>>>>>
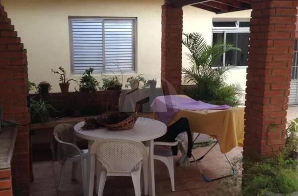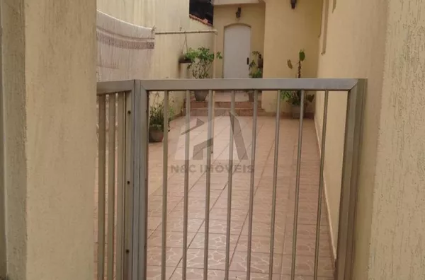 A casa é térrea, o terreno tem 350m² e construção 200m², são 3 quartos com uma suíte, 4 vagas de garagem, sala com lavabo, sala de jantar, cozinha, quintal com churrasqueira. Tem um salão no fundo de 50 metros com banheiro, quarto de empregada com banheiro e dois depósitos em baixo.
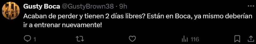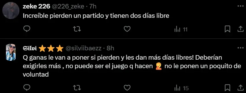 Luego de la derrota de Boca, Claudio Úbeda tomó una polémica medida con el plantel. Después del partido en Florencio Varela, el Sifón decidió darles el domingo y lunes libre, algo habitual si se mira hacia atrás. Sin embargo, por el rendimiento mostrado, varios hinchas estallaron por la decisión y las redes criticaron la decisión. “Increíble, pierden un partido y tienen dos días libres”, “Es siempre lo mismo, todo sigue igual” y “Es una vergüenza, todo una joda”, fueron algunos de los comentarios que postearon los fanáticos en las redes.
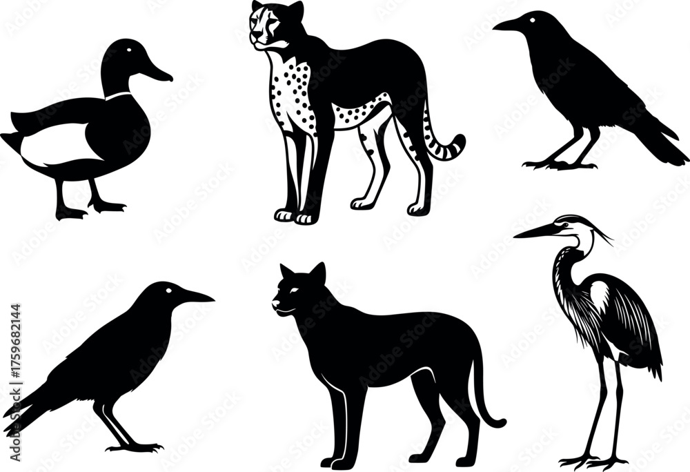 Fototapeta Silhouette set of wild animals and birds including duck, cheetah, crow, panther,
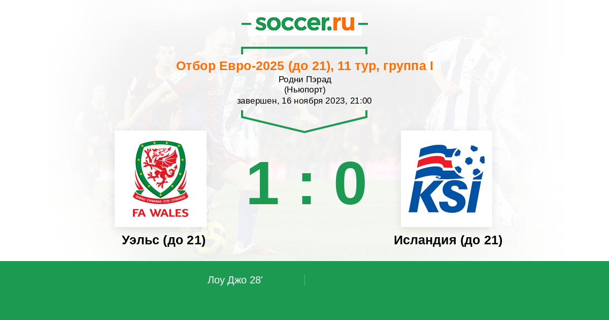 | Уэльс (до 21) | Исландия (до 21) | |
<<<<<
>>>>>
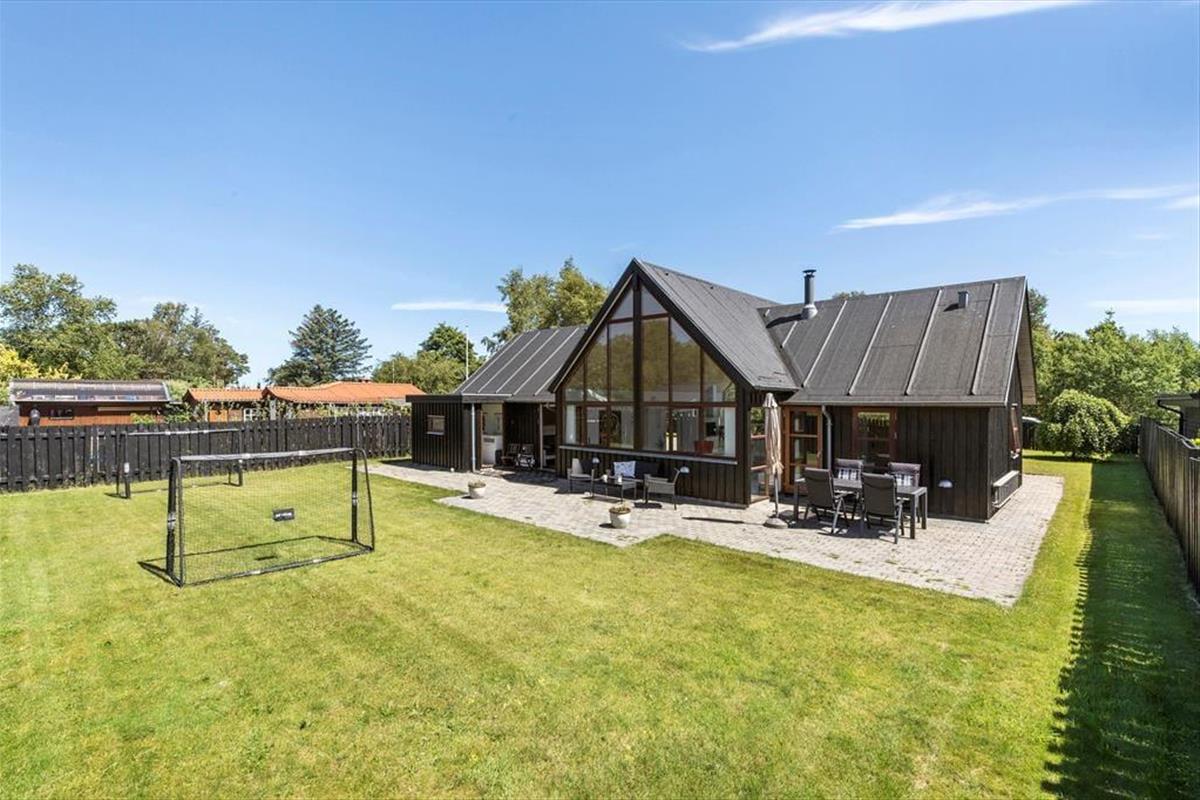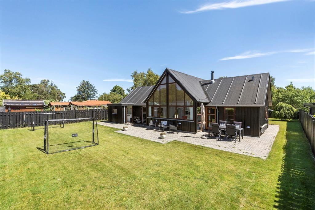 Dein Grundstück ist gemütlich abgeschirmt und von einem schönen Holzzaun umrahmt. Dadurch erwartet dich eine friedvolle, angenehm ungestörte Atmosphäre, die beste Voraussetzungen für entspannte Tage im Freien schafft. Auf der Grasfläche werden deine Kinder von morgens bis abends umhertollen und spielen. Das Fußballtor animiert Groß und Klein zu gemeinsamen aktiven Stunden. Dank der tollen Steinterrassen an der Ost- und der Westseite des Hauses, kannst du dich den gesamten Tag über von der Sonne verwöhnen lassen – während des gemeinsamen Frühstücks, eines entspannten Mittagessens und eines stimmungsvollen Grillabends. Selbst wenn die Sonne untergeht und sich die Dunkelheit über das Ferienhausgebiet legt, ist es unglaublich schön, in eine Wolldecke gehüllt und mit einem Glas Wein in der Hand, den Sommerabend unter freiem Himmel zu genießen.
<<<<<
>>>>>
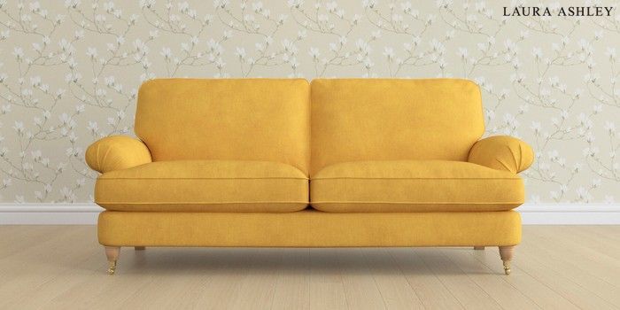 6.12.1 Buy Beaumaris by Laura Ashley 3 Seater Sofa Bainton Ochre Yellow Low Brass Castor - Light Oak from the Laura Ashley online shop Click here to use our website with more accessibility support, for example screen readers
<<<<<
Work required ->
Repeat only the stretch of data above that runs from the line with "Fototapeta Silhouette set" to the line with "Исландия (до 21) | |". Keep both end lines; exclude pictures.

Output of the exercise ->
 Fototapeta Silhouette set of wild animals and birds including duck, cheetah, crow, panther,
 | Уэльс (до 21) | Исландия (до 21) | |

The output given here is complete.